Graduate City Planning students at the University of Pennsylvania have conducted a comparative study of gentrification in five growing U.S. cities, and developed an interactive online toolkit to help guide the process of equitable neighborhood development.
Can we fix gentrification by building more housing? Does gentrification cause homelessness? Why should we care about gentrification if neighborhood change is a natural process?
To answer these questions, a graduate City Planning studio in the University of Pennsylvania School of Design conducted a comparative analysis of five U.S. cities simultaneously experiencing rapid population growth, rising rents, and rising homelessness. The studio’s findings, detailed in a working paper, reveal important relationships between gentrification and housing insecurity in growing cities. These findings also informed the development of a website designed to help community advocates and policymakers address neighborhood change in an equitable way.
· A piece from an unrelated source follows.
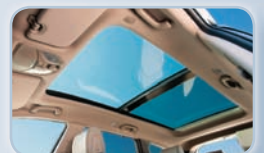
Panoramic roof systems

The primary research included analysis of spatial trends and site visits to each of the five case study cities: Denver, Los Angeles, New York, San Francisco, and Seattle. The team conducted interviews with government officials, area experts, and grassroots activists in each location. Key findings include the prevalence of housing insecurity; the impact of state and local constraints on development; and the promise of strategies that return agency to vulnerable residents. The web-based toolkit offers policy solutions tailored to neighborhood attributes and concerns selected by the user, while the working paper describes the studio’s methods, findings, and recommendations in more depth.